D defs.my
Entry 6 senses · 3 variants Webster, 1913

Whiff

/wĭf/ · IPA /(h)wɪf/
01 n. A sudden expulsion of air from the mouth; a quick puff or slight gust, as of air or smoke.
  1. 1.
    A sudden expulsion of air from the mouth; a quick puff or slight gust, as of air or smoke.
    “But with the whiff and wind of his fell sword The unnerved father falls.” Shak.
    “The skipper, he blew a whiff from his pipe, And a scornful laugh laughed he.” Longfellow.
  2. 2.
    A glimpse; a hasty view.[Prov. Eng.]
  3. 3.
    The marysole, or sail fluke.(Zool.)
02 v. t. To throw out in whiffs; to consume in whiffs; to puff.
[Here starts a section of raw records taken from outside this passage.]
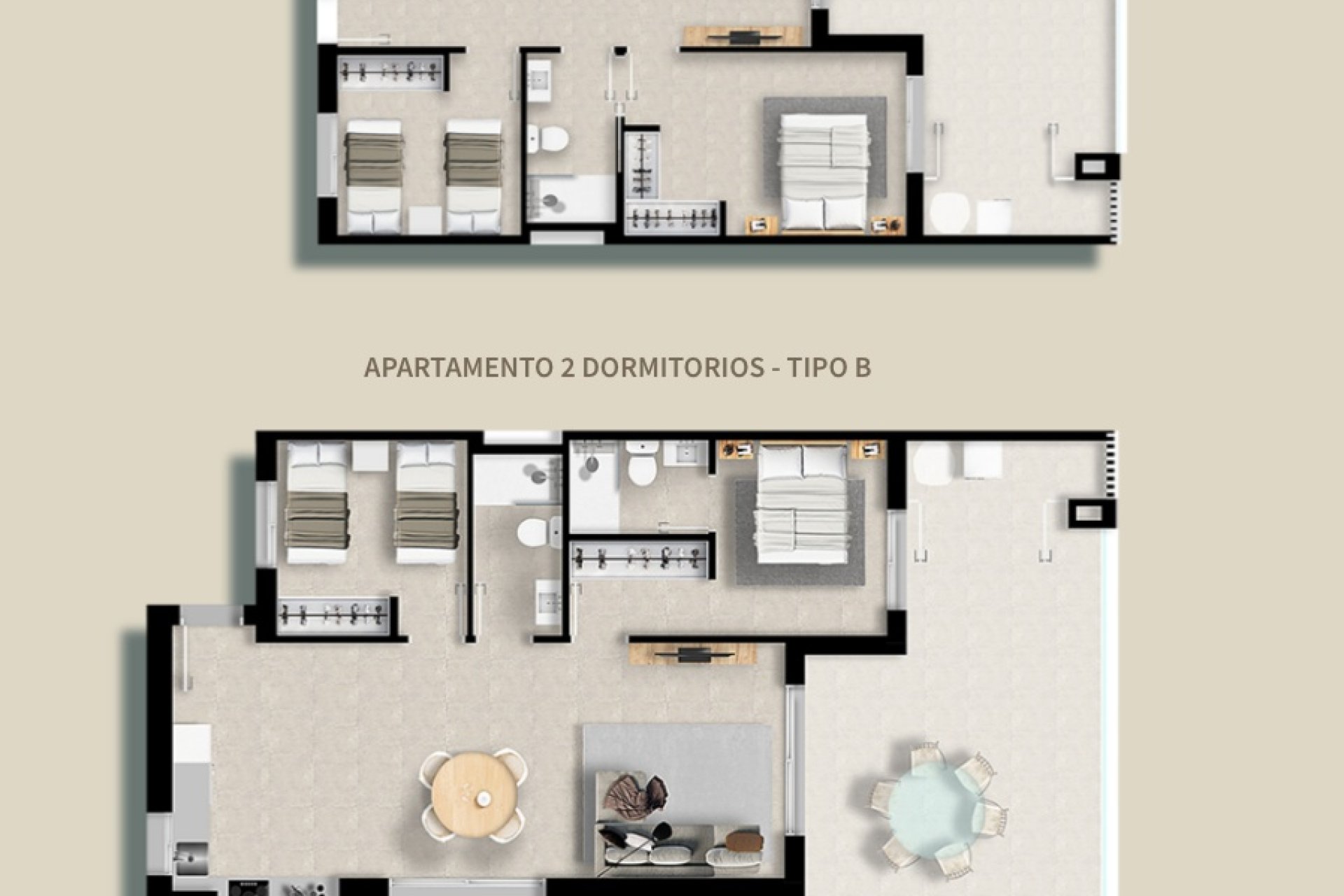 The homes are equipped with modern features that ensure a high level of comfort. Porcelain floors add a touch of elegance and durability, while electric shutters and integrated appliances make daily life easier. Built-in wardrobes optimize storage space, maintaining order and functionality. Layout options include homes with 2 and 3 bedrooms, with 2 or 3 bathrooms, adapting to different family sizes and personal preferences.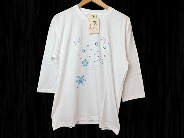 - №3 白 Lサイズ むかしむかし 七分袖Tシャツ 日本製 綿100% 立体プリント 花柄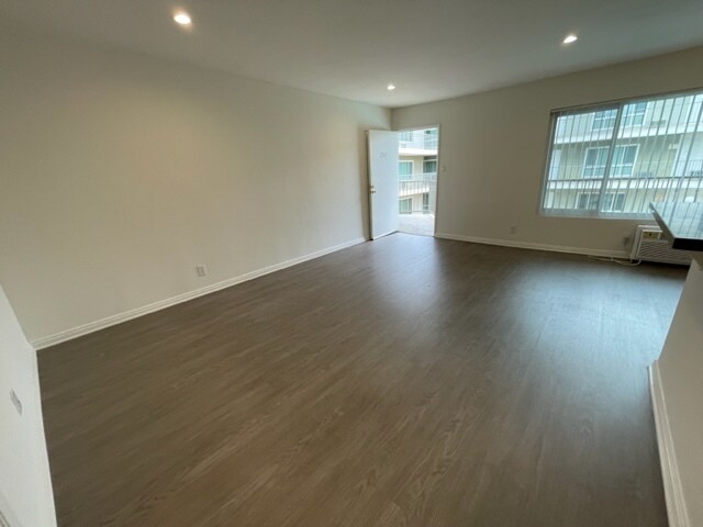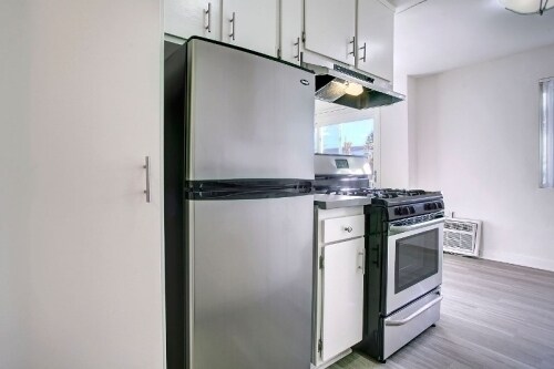 Gorgeous 1 Bed and 1 Bath Apartment in an Apartment Complex! Unit has Plenty of Natural Light, Hardwood Laminate Floors Throughout and Recessed Lighting Throughout. Kitchen has White Cabinetry with Gray Quartz Countertops, Large Stainless Steel Single Basin Sink and Stainless Steel Appliance Included: Refrigerator, Gas Stove and Dishwasher. Vertical Blinds on all the Windows. Wall AC Unit in the Living Room and Wall Furnace. Bathroom with Bathtub with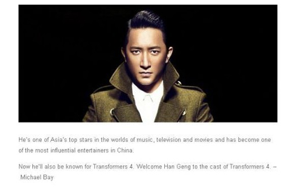 因为太火,韩庚还参演了全球大爆性电影《变形金刚四》,
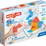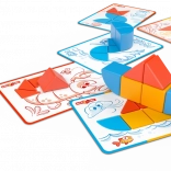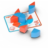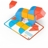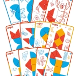 Súčasťou je 6 obojstranných kariet s 12 úlohami, ktoré vedú od jednoduchých skladačiek k pokročilejším tvarom a podnecujú logické myslenie.

imp. & p. p. Whiffed; p. pr. & vb. n. Whiffing
  1. 1.
    To throw out in whiffs; to consume in whiffs; to puff.
  2. 2.
    To carry or convey by a whiff, or as by a whiff; to puff or blow away.
    “Old Empedocles, . . . who, when he leaped into Etna, having a dry, sear body, and light, the smoke took him, and whiffed him up into the moon.” B. Jonson.
03 v. i. To emit whiffs, as of smoke; to puff.
  1. 1.
    To emit whiffs, as of smoke; to puff.